Ниже приводятся результаты подсчета размеров двух ступеней бедности среди промышленных работников промышленных предприятий области в динамике за пять лет (табл. 2). Приведенные данные подтверждают высказанный ранее оптимизм в части неуклонного, но очень медленного сокращения доли бедных в промышленной сфере. Совершенно очевидно, что такие темпы не сулят скорого решения этой проблемы.
Таблица 2
Изменение доли респондентов по двум ступеням бедности среди промышленных работников промышленных предприятий области в 2003—2007 годах, % к общему числу участников опроса, по годам
Год Ниже одного От 1 до 2,0 Всего «бедных»

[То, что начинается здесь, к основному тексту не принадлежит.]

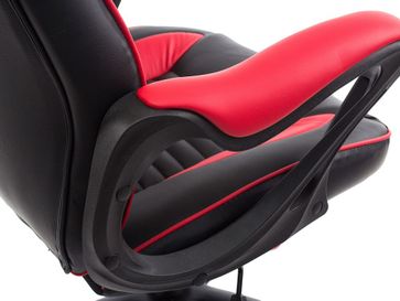 Игровое кресло Леон сочетает в себе современный дизайн, качество исполнения и комфортабельность. Высокая спинка с подголовником и выпуклыми боковинами позволяет без труда поддерживать осанку и снижает нагрузку на позвоночник. Скошенный край сиденья обеспечивает оптимальное положение ног, а высота посадки легко регулируется с помощью рычага.<br>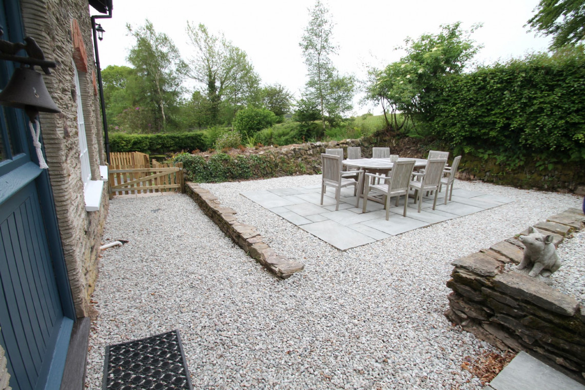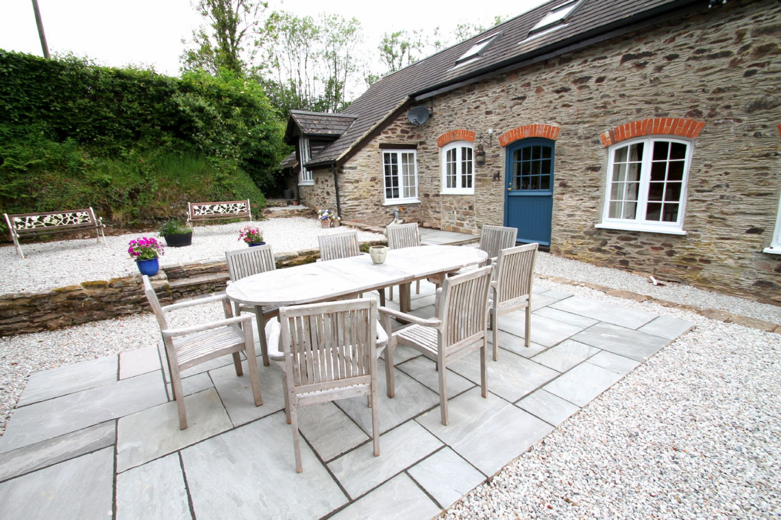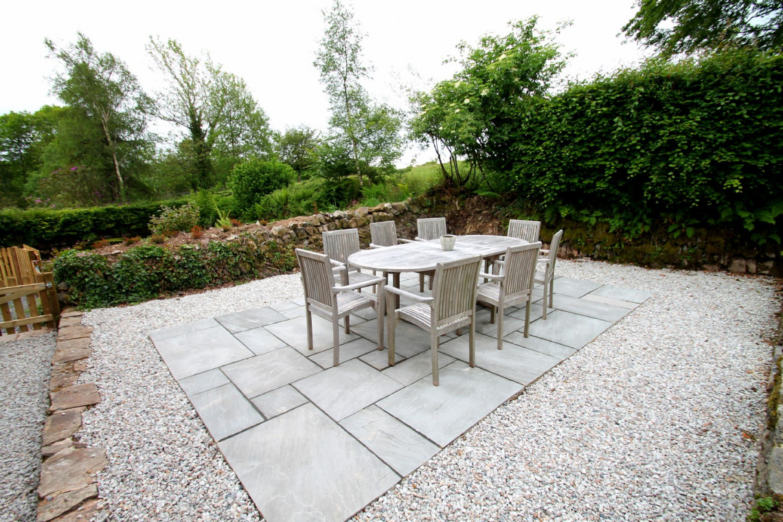 Directly outside the cottage is a fenced patio area with outside furniture and a barbecue. The patio overlooks the pond next to the cottage and is fenced, with views across the farm lawn and paddocks to the surrounding rolling hills of Exmoor. We do not guarantee that the patio area is entirely enclosed/dog-proof. There is also an outside tap, handy for washing off dogs or muddy boots after a walk. There's ample parking for 3 cars right beside the cottage.
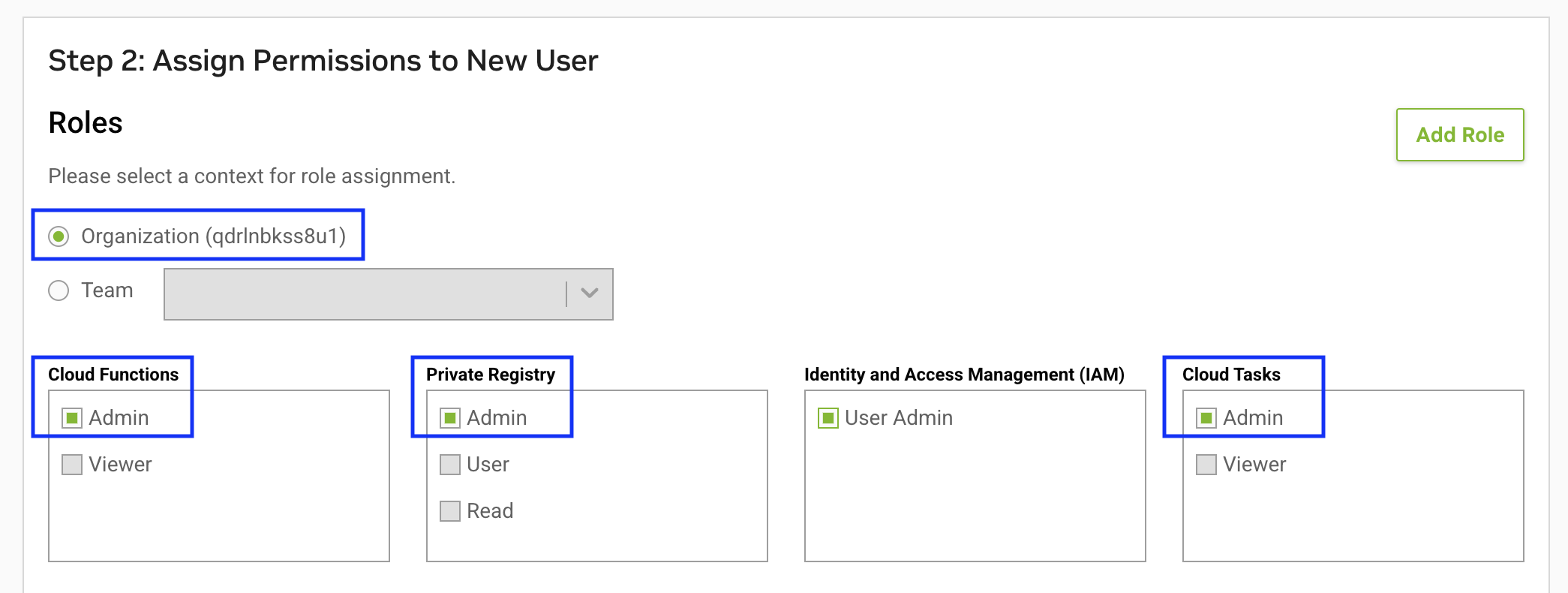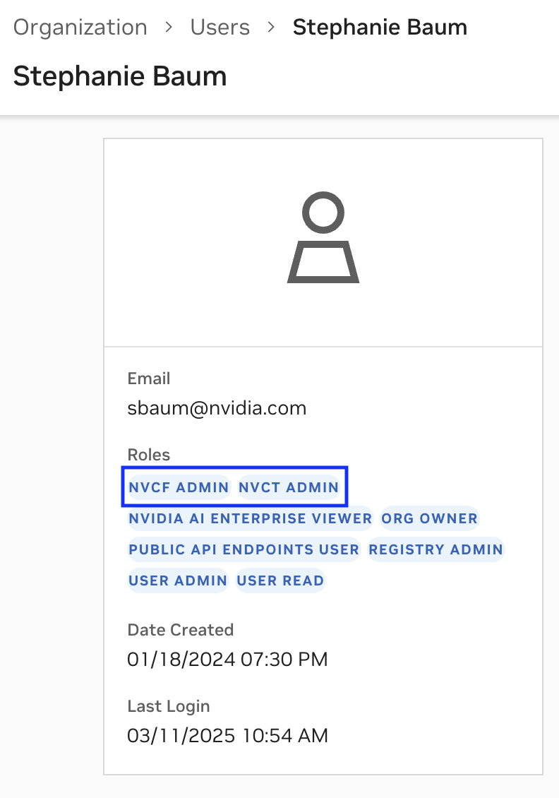If the user would like to use the NVCF or NVCT (Tasks) APIs and CLI, it is extremely important to add the user roles at the Organization level not a team level. This is required for any Personal API Key generated to have the correct permissions.

прожиточного прожиточных первой и второй
минимума (нищета) минимумов (нужда) ступени
2003 44,1 36,8 80,3
2004 32,1 37,7 69,8
2005 35,6 37,3 72,9
2006 25,3 39,1 64,4
2007 22,4 39,2 61,6
Обращает на себя внимание значительные размеры группы, которая относится к категории «нужда». Это те, кто указал среднедушевой семейный доход в диапазоне от величины одного прожиточного минимума до двух его значений. Размер этой группы приближается к 40 % и вместе с группой, относящейся к категории «нищеты», охватывает более половины опрошенных рабочих. Можно ли верить этим данным?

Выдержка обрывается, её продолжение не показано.